Aicardi goutières syndrome is associated with pulmonary hypertension

Abstract

While pulmonary hypertension (PH) is a potentially life threatening complication of many inflammatory conditions, an association between Aicardi Goutières syndrome (AGS), a rare genetic cause of interferon (IFN) overproduction, and the development of PH has not been characterized to date. We analyzed the cardiac function of individuals with AGS enrolled in the Myelin Disorders Bioregistry Project using retrospective chart review (n = 61). Additional prospective echocardiograms were obtained when possible (n = 22). An IFN signature score, a marker of systemic inflammation, was calculated through the measurement of mRNA transcripts of type I IFN-inducible genes (interferon signaling genes or ISG). Pathologic analysis was performed as available from autopsy samples. Within our cohort, four individuals were identified to be affected by PH: three with pathogenic gain-of-function mutations in the IFIH1 gene and one with heterozygous TREX1 mutations. All studied individuals with AGS were noted to have elevated IFN signature scores (Mann-Whitney p < .001), with the highest levels in individuals with IFIH1 mutations (Mann-Whitney p < .0001). We present clinical and histologic evidence of PH in a series of four individuals with AGS, a rare interferonopathy.

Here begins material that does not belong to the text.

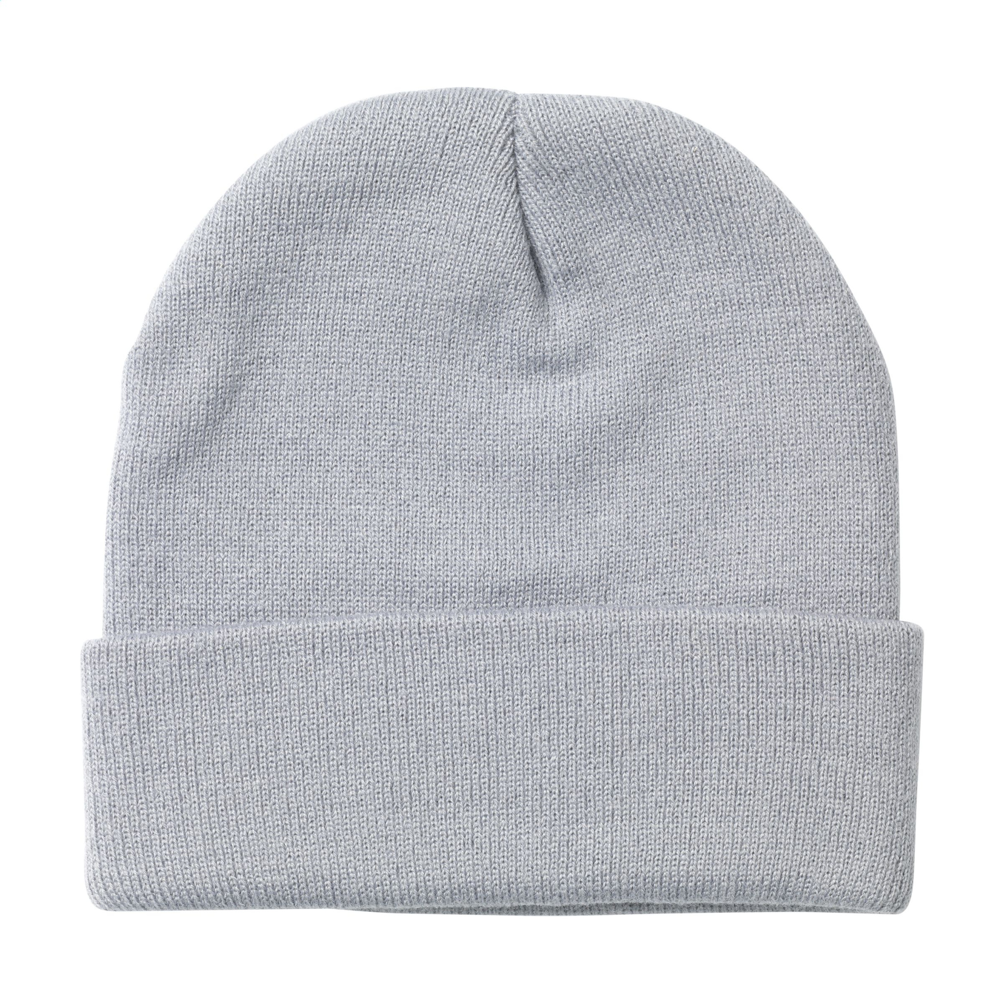 WoW! Strickmütze mit Umschlag. Aus 100 % RPET-Polyester. Ein beliebter Artikel, der schön warm hält und trotzdem gutes Material bietet. Einheitsgröße. Mit schwarzem Etikett zur Verzierung. GRS-zertifiziert. Gesamtanteil recycelter Materialien: 100 %.

Importantly, IFIH1 and TREX1 may represent a novel cause of PH. Furthermore, these findings underscore the importance of screening all individuals with AGS for PH.

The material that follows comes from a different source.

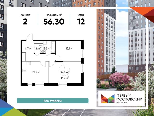 Продажа 2-комнатных квартир на 12 этаже рядом с метро Саларьево

Keywords: Aicardi Goutières Syndrome; Interferons; Pulmonary hypertension.

Figure 1:. Genetics and IFN scores in individuals with AGS.

(A). The distribution of molecular results is shown. (B). Cardiac evaluation within the AGS cohort is shown by genotype (white=ECHO unavailable or not done; grey=no PH detected; black=PH present). (C). IFN signaling gene (ISG) scores were calculated and an IFN signature was derived for all AGS affected individuals in the MDBP registry for whom blood samples were available (180 AGS samples and 104 control samples). Across all genotypes of AGS, ISG scores were significantly increased compared to control samples (by Mann-Whitney all p<0.0001 except for RNASEH2A, p=0.001). (D) Individuals with IFIH1 variants had higher ISGs compared to other AGS genotypes (Mann-Whitney all p<0.0001).

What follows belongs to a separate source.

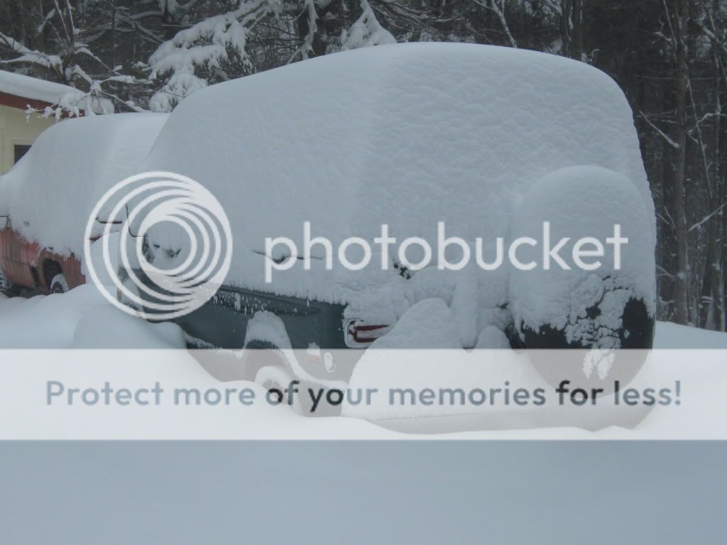 Here's the house just as the first wave of heavy snow was hitting. ![]() ![]() My Jeep with an unhappy face the next morning after the storm ![]() one of my apple trees holding on to its snow ![]() After view of the house, I particularly like the smoke-stained snow frozen to the chimney ![]() my poor van! ![]() The only casualty of the storm on my property, the tent shed collapsed during the first round of plowing. ![]() Baby Matilda helping my plow! ![]() Letting the snow melt off after a long couple days of plowing. what a great little tractor! ![]() ![]() hope everyone out there made it through ok!

Figure 2:. Pathology features consistent with pulmonary hypertension.

H+E stained sections of both small and large arteries show marked muscular hypertrophy (A, B), marked cellular intimal proliferation (C) leading to complete luminal occlusion (D). Also noted was concentric intimal fibrosis (E) and intraluminal thrombus formation (F). H+E sections showed histologic features consistent with severe pulmonary hypertension including plexiform (*) and dilation (arrow) lesions associated with markedly remodeled pulmonary arteries (PA) (G, H, I). Open intrapulmonary bronchopulmonary anastomoses (K) that bridge the pulmonary arteries and bronchial arteries (BA), along with marked BA remodeling and occlusions (J) are present (Br: bronchiole). Microscopic examination of the lungs included elastin [Verhoeff-van Gieson (VVG), L] stained sections showing marked pulmonary artery remodeling. Immunohistochemistry on lung sections revealed fibrointimal proliferation with infiltration of macrophages (CD163⁺, M) and tunica medical thickening [smooth muscle actin (SMA)⁺, N]. Gross examination of the heart showing dilatation of the right ventricle (O).